Spatial Transform Engine Wizard

How to use the Spatial Transform Engine Wizard (STEW)

Introduction

This user guild is for the companion configuration manager. It's designed to create the timing and spatial transforms for companion chips:
AP0102, AP0200, AP0201, AP0202
With sensors
AR0132, AR0136, AR0138, AR0140, AR0143, AR0147, AR0231, AR0233.
And the stacked chips
AS0142AT, AS0142ATE, AS0143AT, AS0143AT1, AS0147AT, AS0148AT

Note, not all combinations are available, check for ini files. This application is intended to replace STE for configuring AP0102 & AP0200 and Register Wizard for configuring the AP0201 & AP0202. It is also intended to support the AP0300 in the future.

Getting started

The companion configuration tool can be run as a Devware plugin for live updates of the companion processors or it can be launched as a standalone application. The same UI is used in either case.

The plugin can write settings directly to hardware.

The standalone application can be used to create and explore available configurations when the hardware is not available. Available here; \aptina imaging\bin\stewapp.exe
From a Command Line, you can start up the application and include the configuration file to be used.
For example; stewapp.exe -u -i <configuration.cfg>

The CLI (Command Line Interface) User Guide can be found here.

Prerequisites

You will need one of the above sensors, and AP 200 series processor and demo3 board. Use an AP0102 or AP0202 and communicate over USB if it's available. Downloading settings over Ethernet often cuts further communications and requires the hardware to be reset. Run Devware and check your configuration can be initialized and creates streaming video.

Launching the plugin

With the above hardware attached, select the 'STE Wizard' or 'Register Wizard' on the 'plug-ins' menu. A user interface similar to this should appear. It should have the correct companion processor and sensor identified. It may or may not have all the tabs along the top (More on this later)

Writing to hardware

The application should be ready to write a solution to the hardware immediately without changing any settings. How to do this depends on the type of AP processor you have and if it has a Ste.

Writing to hardware (No Ste: AP0201, AP0202)

In this case the UI should look like the image below (no tabs, these are all for configuring the Ste) and a write button on the front page. If you are writing a solution sometimes it can be hard to tell if it worked. Adjust the frame rate a bit, write the solution again and look for changes in frame rate measured by Devware.

Writing to hardware (With Ste: AP0102, AP0200)

Writing the settings for a processor with a Ste must be done from the transforms tab. Select the transforms tab and then press the 'write' button on the transform. This will create a default de-warp and download and run it.

Parameters

At this point you can change any parameters you wish and continue to test solutions. See other sections of the document which describe the parameters in detail.

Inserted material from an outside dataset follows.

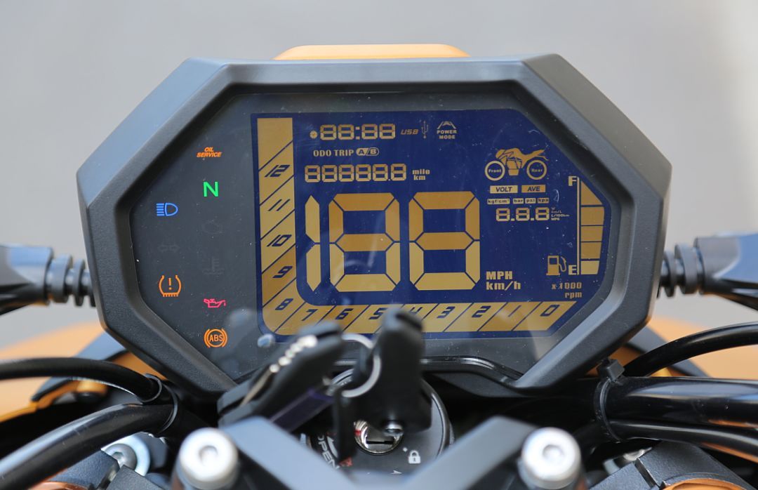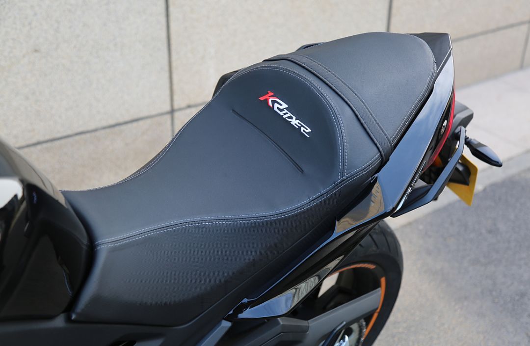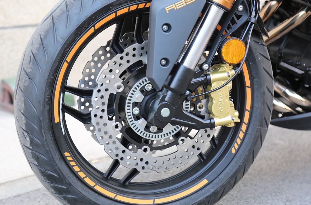 KRider 400前輪規(guī)則為120/70ZR17,后輪規(guī)格160/60 ZR17,普通版本配備的是正新公路輪胎,高配版采用了象牌Z8系列輪胎,并增加了前后胎壓監(jiān)測等功能。我們拿到的是象牌Z8輪胎的高配版,關(guān)于象牌Z8,圈子里有一句調(diào)侃的話是這么說的,“三萬公里的像一萬公里的,一萬公里的像新的。”這也從另一個側(cè)面說明Z8這套輪胎在耐磨方面真的有出眾的表現(xiàn),很適合城市代步或長途摩旅使用,在雨天時這套胎也有著獨到的表現(xiàn),但如果你想用非常激烈的方式去駕駛這輛車或者是跑山愛好者,我還是建議換一套運動性能更好的輪胎。另外高配版的胎壓監(jiān)測功能還是非常實用,不僅在啟動時會進行自檢,有異常會報警外,前后輪胎的胎壓都可以在這塊大儀表上實時顯示,行駛中如果胎壓不足也會在儀表上報警。

At any point the file menu can be used to save parameters into a configuration file which can be loaded back into the plugin and restores all the UI setting. The configuration file does not contain the register and blob applied to the hardware (like STE used to). The configuration file can be used to initial either the plugin or the standalone application so it is possible to develop parameters with no hardware then try them later when hardware is available.

Viewing and overriding results

To see the actual settings go to the view menu and launch the register view. This shows all the current register, Ste blob and bit field setting that are downloaded to the hardware.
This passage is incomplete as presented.